POJ 3624 Charm Bracelet (01背包)

Charm Bracelet

Time Limit: 1000MS		Memory Limit: 65536K
Total Submissions: 26078		Accepted: 11726

Description

Bessie has gone to the mall's jewelry store and spies a charm bracelet. Of course, she'd like to fill it with the best charms possible from the N (1 ≤ N ≤ 3,402) available charms. Each charm i in the supplied list has a weight Wi (1 ≤ Wi ≤ 400), a 'desirability' factor Di (1 ≤ Di ≤ 100), and can be used at most once. Bessie can only support a charm bracelet whose weight is no more than M (1 ≤M ≤ 12,880).
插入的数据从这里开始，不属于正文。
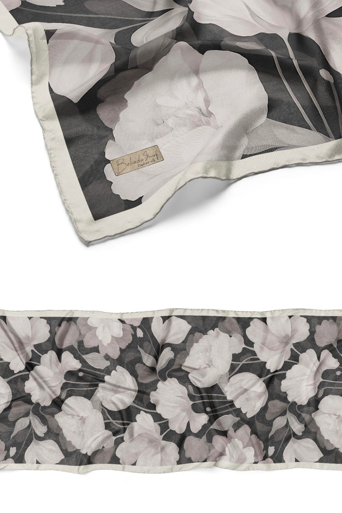 Büyük Çiçek Desenli İtalyan İpeği Pamuk Şal-TAŞ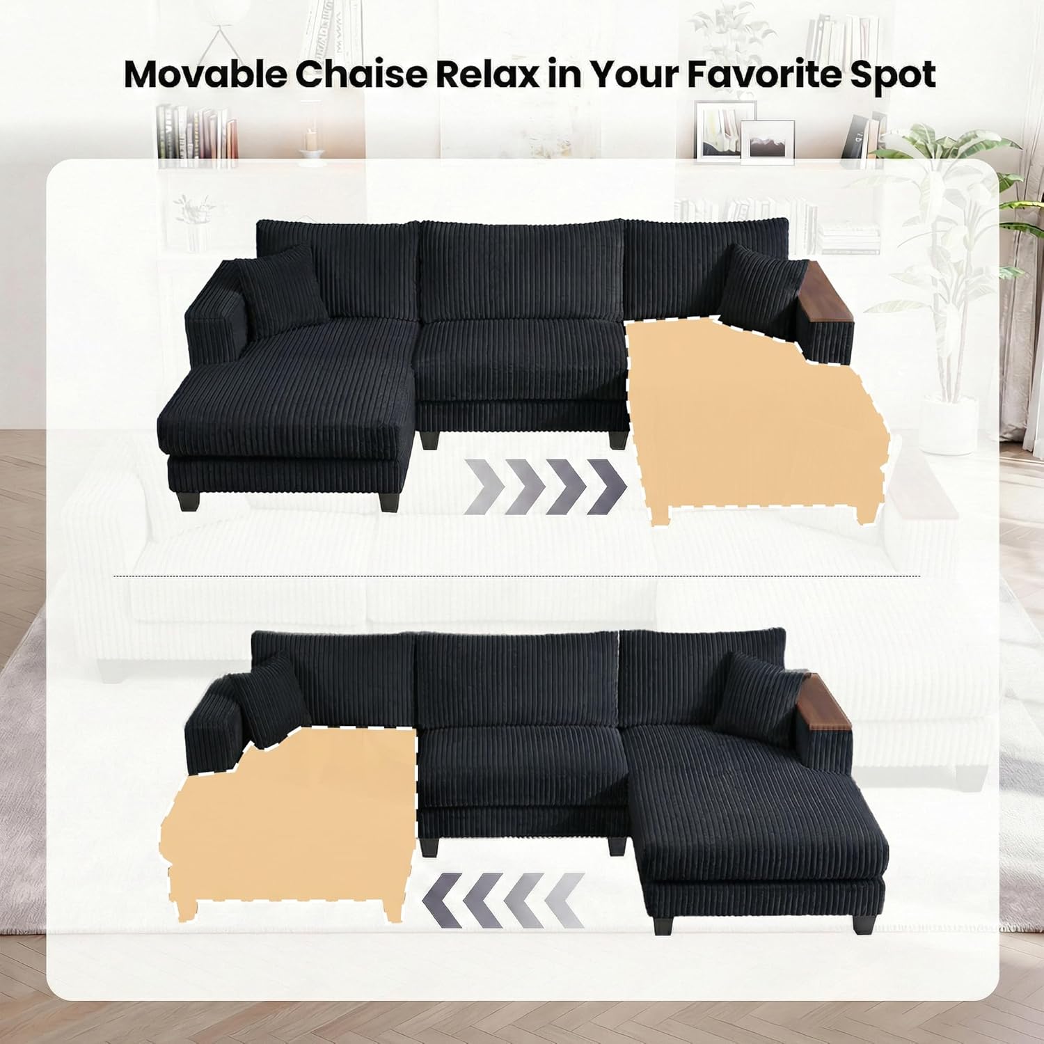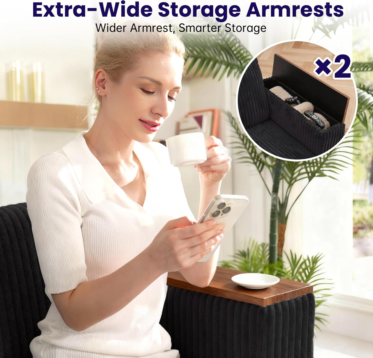 Armrest Storage & Reversible Chaise Designed for functionality, the wide armrest features built-in storage space to keep blankets, remotes, or essentials neatly tucked away. The reversible chaise allows flexible placement on either side, adapting easily to different room layouts and living needs.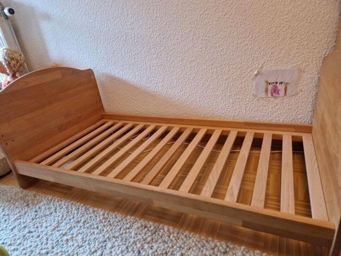 Biete ein Bett, dass sowohl als Babybett als auch als Kinderbett benutzt werden kann. Es besteht aus Massivholz und befindet sich in einem sehr guten Zustand. Es lässt sich auf zwei unterschiedliche Höhen aufbauen und zwei Gitterseitenteile sind mit dabei (nicht auf den Fotos zu sehen). Bei Bedarf kann eine passende Matratze kostenlos mitgenommen werden.

Given that weight limit as a constraint and a list of the charms with their weights and desirability rating, deduce the maximum possible sum of ratings.

Input

* Line 1: Two space-separated integers: N and M
* Lines 2..N+1: Line i+1 describes charm i with two space-separated integers: Wi and Di

Output

* Line 1: A single integer that is the greatest sum of charm desirabilities that can be achieved given the weight constraints

Sample Input

4 6
1 4
2 6
3 12
2 7

Sample Output

23

Source

解题思路：

　　又是一道01背包的模板题，其实只要把握清楚思想就好了，用一维来搞，用二维会爆掉。。。

代码：

# include<cstdio>
# include<iostream>
# include<cstring>

using namespace std;

# define MAX 3555

int a[MAX],b[MAX];
int dp[MAX*MAX];

int main(void)
{
int n,m;
while ( scanf("%d%d",&n,&m)!=EOF )
{
memset(dp,0,sizeof(dp));
for ( int i = 0;i < n;i++ )
{
scanf("%d%d",&a[i],&b[i]);
}
for ( int i = 0;i < n;i++ )
{
for ( int j = m;j >= a[i];j-- )
{
dp[j]=max(dp[j],dp[j-a[i]]+b[i]);
}
}
printf("%d\n",dp[m]);

}

return 0;
}